• _YOUR OBJECTIVE_
Copy out the data from the line containing "在全球汽车连接器市场中,泰科、矢崎、德尔福三巨头占据近 70%的份额。" to its last line, exactly. No pictures.

• _INFORMATION PROVIDED_
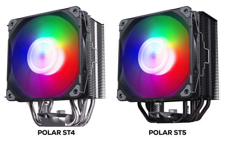Polar ST 系列有 Polar ST4 和 Polar ST5 两款,都采用紧凑单塔方案,区别是ST5是全黑化,为5热管,而且顶部有顶盖;而ST4 是四热管,看着相对简陋些。
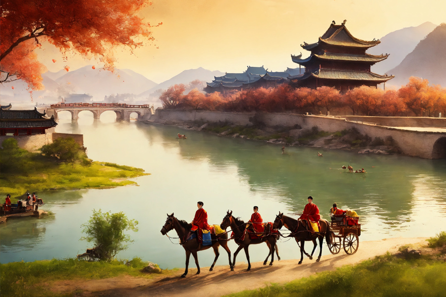 В это время китайцы освоили путешествия в дальние страны. Некий путешественник Чжан Цянь проник на Запад и, вернувшись, описал страны Средней Азии (Согдиана, Бактрия, Парфия и др.). По пути его следования сложился торговый путь через Джунгарию и Восточный Туркестан в страны Средней Азии и Ближнего Востока —«Великий шёлковый путь». Шёл культурный обмен, и на территорию Китая проник буддизм из Индии.
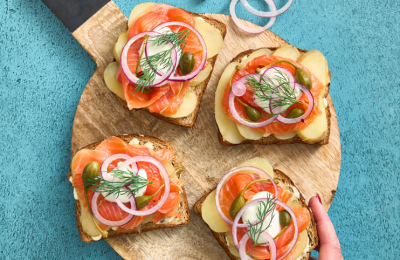 Toste rudzu maize ar kartupeļiem un kūpinātu foreli
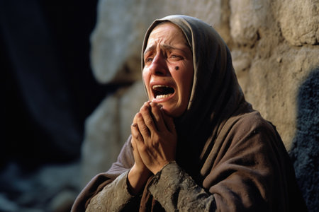 Woman Overcome with Sadness and Grief on a Dark Studio Background
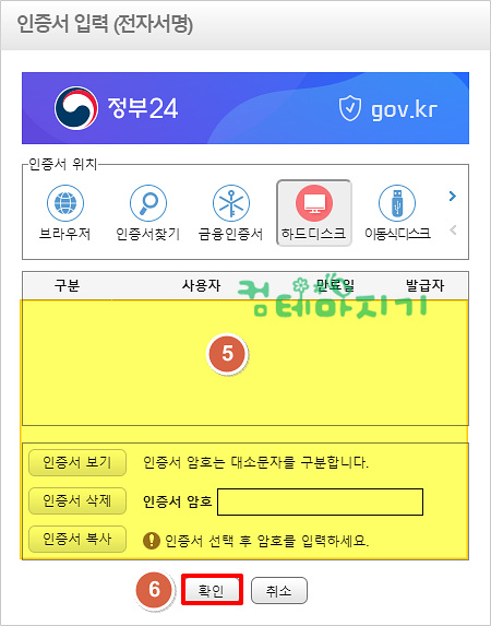 ▼ 인증서 입력 화면에서 [5. 인증서 선택 / 인증서 암호 입력]을 한 다음, [6. 확인]을 클릭합니다.
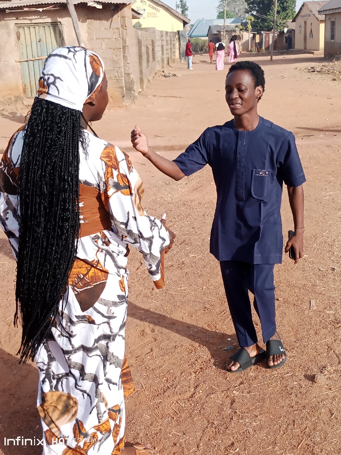 The image depicts an outdoor street scene in the city of Rido, Nigeria, under clear daytime conditions. In the immediate foreground, two individuals are positioned on a reddish-brown dirt road. On the left, a female is seen from behind, wearing a white headscarf with dark patterns, long dark braided hair, and a long white dress patterned with brown, black, and grey elements, cinched with a brown sash. Her right arm is slightly bent, holding a brown cylindrical object. Facing her on the right is a male, wearing a dark blue short-sleeved tunic and matching trousers, along with black slip-on sandals. He has short dark hair, is smiling, and has his right arm raised with an open hand, palm facing forward, while his left hand holds a dark-colored smartphone. The background reveals a continuation of the unpaved dirt road, flanked by various single-story buildings. On the left, a building constructed of concrete blocks features a corrugated metal gate. On the right, further down the road, another concrete block building with a yellow fascia displays partially visible text, possibly "DTL SCHOOLS." Beyond these, additional simple structures are present. Several other individuals, approximately four to five, are visible in the mid-ground, walking or standing further along the road. The sky above is clear and light blue, and bright sunlight casts shadows on the ground.
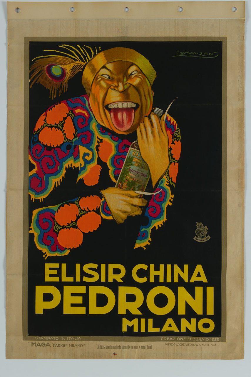 Lettura iconografica: figura maschile; mandarino; bottiglia di liquore. Categoria merceologica/ tipo evento: industria alimentare; bevande; liquori. Nomi: Elisir China Pedroni. Luoghi: Milano
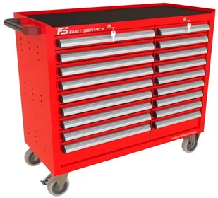 Wózek warsztatowy TRUCK z 18 szufladami PT-211-11 18 szuflad na stalowych teleskopowych prowadnicach kulkowych z pełnym wysuwem wysuw szuflad 97 % odciążenie statyczne jednej szuflady do 60 kg centralna blokada zamykająca wszystkie szuflady po przekręceniu kluczyka centralny zamek blokujący z dwoma kluczami w komplecie w systemie Master Key dno każdej szuflady wyłożone gumową matą tłumiącą ogólnego przeznaczenia o grubości 2,0 mm blat wózka wyłożony tłumiącą matą gumową benzyno olejo odporną o grubości 2,0 mm przykręcany aluminiowy, anodowany i satynowany uchwyt szuflady z zabezpieczeniem bocznych krawędzi wkładką z tworzywa konstrukcja szafki wykonana z blachy stalowej o grubości 1 mm wzmocnienia podstawy kół wykonane z blachy stalowej o grubości 2,0 mm 4 koła o średnicy 125 mm Colson Performa 2 stałe + dwa obrotowe w tym jedno z hamulcem opona koła wykonana z niebrudzącej syntetycznej gumy szarej, odpornej na smary benzyny ługi boki szafki posiadają perforację przystosowaną do zamontowania zawieszek na narzędzia produkt wyposażony w solidny boczy uchwyt pomocny przy manewrowaniu obciążonym wózkiem możliwość pomalowania w dowolnym podstawowym kolorze palety RAL (w cenie) Wymiary użytkowe szuflad: 8 x szuflada niska 70 standard wysokość czoła szuflady 66 mm wysokość wewnętrzna użytkowa 56 mm szerokość wewnętrzna użytkowa 558 mm głębokość wewnętrzna użytkowa 408 mm 8 x szuflada niska 70 wąska wysokość czoła szuflady 66 mm wysokość wewnętrzna użytkowa 56 mm szerokość wewnętrzna użytkowa 368 mm głębokość wewnętrzna użytkowa 408 mm 1 x szuflada średnia 140 standard wysokość czoła szuflady 136 mm wysokość wewnętrzna użytkowa 119 mm szerokość wewnętrzna użytkowa 558 mm głębokość wewnętrzna użytkowa 408 mm 1 x szuflada średnia 140 wąska wysokość czoła szuflady 136 mm wysokość wewnętrzna użytkowa 119 mm szerokość wewnętrzna użytkowa 368 mm głębokość wewnętrzna użytkowa 408 mm dokładne wymiary w galerii zdjęć Waga wózka 143,5 kg Wyposażenie opcjonalne (dodatkowo płatne): blokada zapobiegająca wysunięciu więcej niż jednej szuflady blat wózka wykonany ze sklejki o gr. 40 mm przestawne podziałki / p
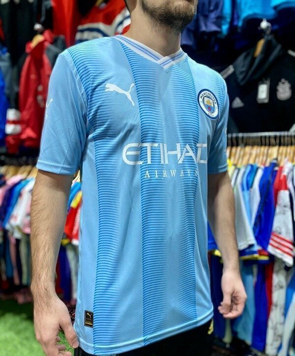 - Detalles Únicos: El escudo del club está termo sellado, asegurando durabilidad y un acabado impecable. Además, cuenta con la palabra CITY estampada en la parte posterior del cuello y el estampado del estadio Etihad en la parte delantera, lo que la convierte en una pieza de colección.
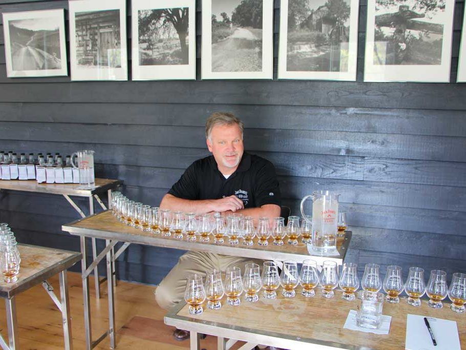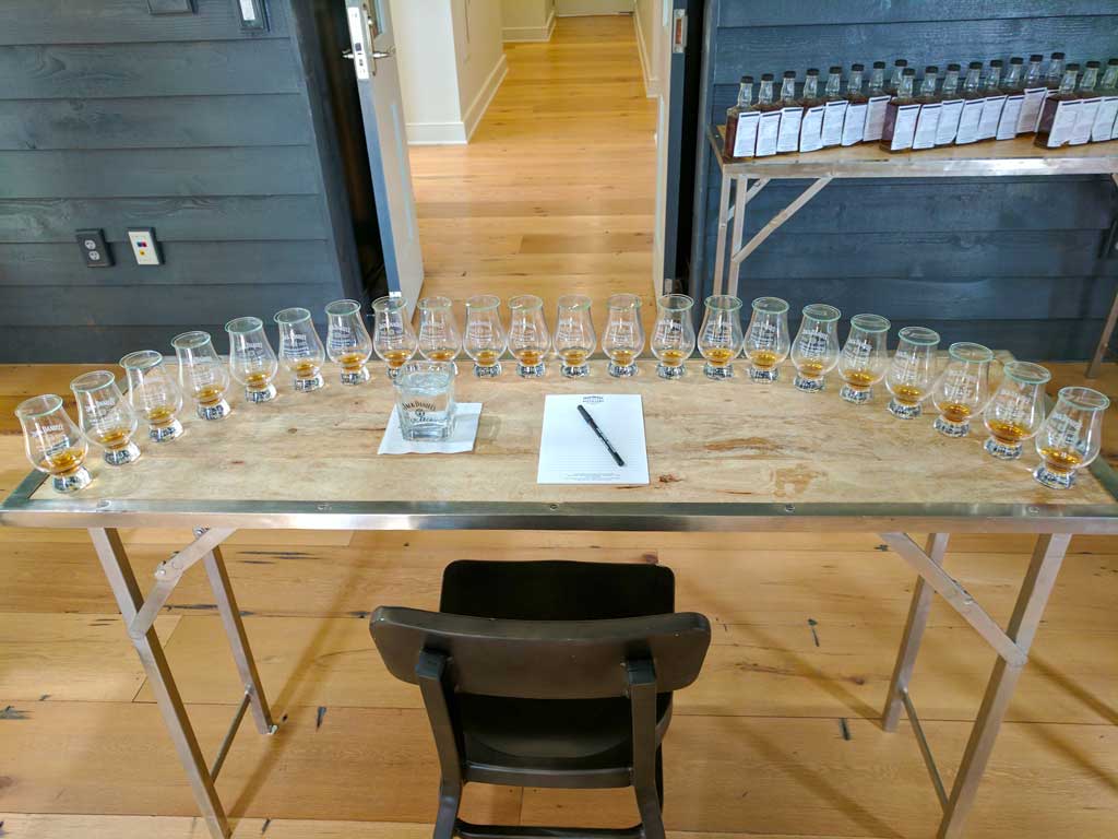 After a fabulous lunch at Miss Mary Bobo’s (do not miss it when visiting Lynchburg) and a VIP tour, we sat down with Jack Daniel’s Master Distiller Jeff Arnett to begin our selection process. We each sat down at a table with 22 samples, a glass of water, a notepad, and a pen. The samples were from barrels that had already been processed, filtered, and reduced to 94 proof.
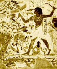 Фараон охотится на дичь. Эта роспись, сделанная в конце XV века до Р. Х., обнаружена на стене гробницы в Фивах.
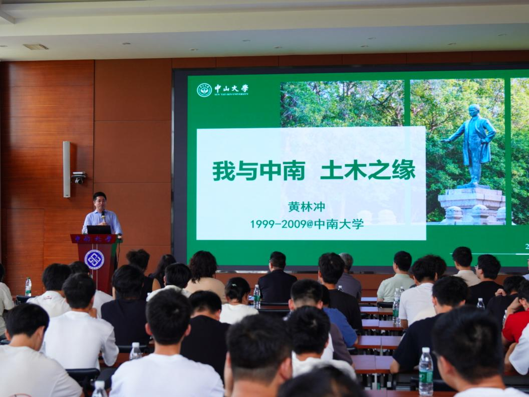 黄教授以自身成长经历为切入点,深情回忆了在集团的求学时光。从一名中南学子成长为我国隧道工程与防灾减灾领域的专家,黄教授用“心怀使命,刻苦奋进”八个字概括了自己的奋斗历程。在分享专业见解时,他特别指出:“当代土木工程已从传统的单一技术领域,演变为与人工智能、材料科学等多学科高度融合的超级学科,这为同学们提供了更广阔的发展空间。”围绕“如何度过有意义的大学生活”这一主题,黄教授从三个维度进行了深入阐述:一是要培养健全人格,以家国情怀铸魂;二是要掌握科学学习方法,培养跨界思维;三是要建立健康的社交圈,在交流中共同进步。他特别强调:“在快速发展的新时代,终身学习能力比具体知识更重要。同学们要始终保持求知若渴的心态,才能适应未来的挑战。”
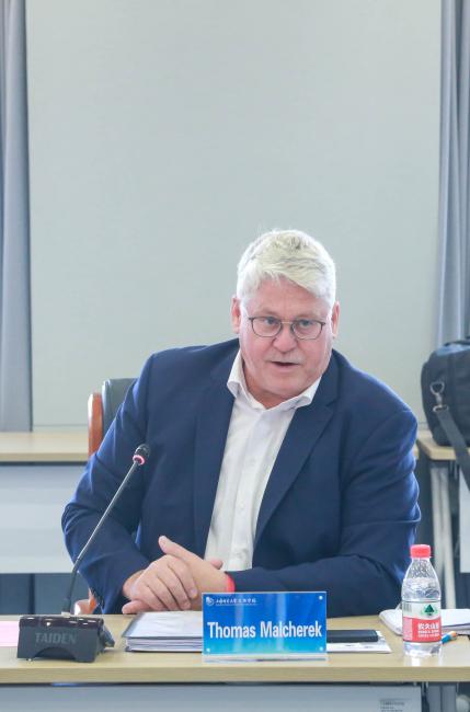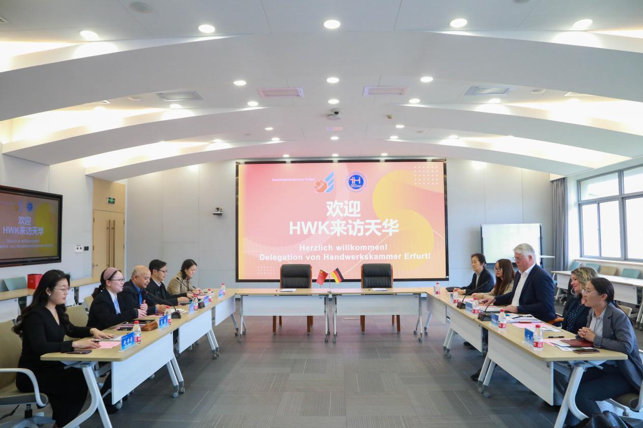 会议第四项是由HWK总裁Thomas Malcherek为我们详细叙述了HWK Erfurt所在位置,是一家拥有14039家会员企业,69500名员工,3216名学徒的大型行业协会,拥有良好的实训条件,实行实训与考证联合运作模式,是德国“双元制”人才培养模式的发源地和欧洲职业培训最高标准的制定者,具有丰富的国际合作办学经验,在中国已经拥有20年的合作经验,与政府和高校均有合作。总裁希望能够加强与天华的深入合作,交流互鉴,共同拓宽国际化合作办学之路。
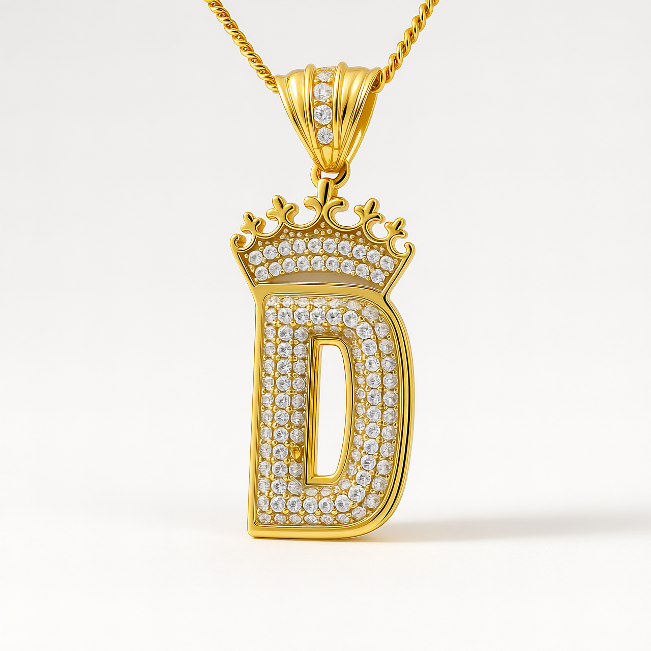14K Two Tone White/Yellow Gold Initial L with Crown and CZ Pendant
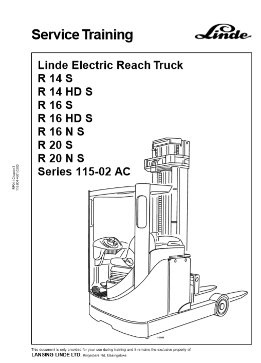 Linde R14S Electric Reach Truck (Series 115-02) AC Service Training Manual
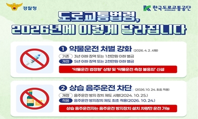 2026년 4월 2일부터 약물 운전 법정형이 상향되고 약물 운전 측정 불응죄가 신설되는 등 약물 운전 처벌이 강화된다. 기존 3년 이하 징역 또는 1천만원 이하 벌금이, 5년 이하 징역 또는 2천만원 이하 벌금으로 강화됐다. 또 2026년 4월부터 상습 음주 운전 차단을 2025-12-31 17:02:14
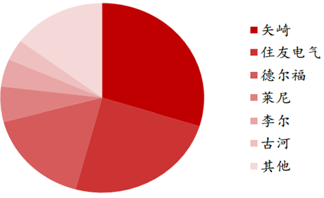 在全球汽车连接器市场中,泰科、矢崎、德尔福三巨头占据近 70%的份额。
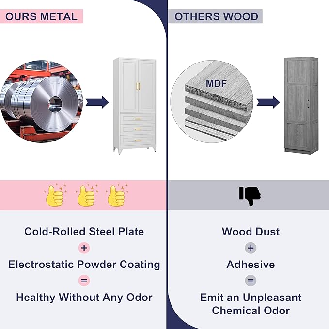 - Long Term Use and Easy Cleaning: This metal pantry cabinet features rust-resistant powder-coated finish that ensures long-lasting use in kitchen or bathroom. Easy to clean and resistant to stains and fingerprints, it is a practical choice for busy households

• _RESPONSE FOR THIS EXERCISE_
 在全球汽车连接器市场中,泰科、矢崎、德尔福三巨头占据近 70%的份额。
 - Long Term Use and Easy Cleaning: This metal pantry cabinet features rust-resistant powder-coated finish that ensures long-lasting use in kitchen or bathroom. Easy to clean and resistant to stains and fingerprints, it is a practical choice for busy households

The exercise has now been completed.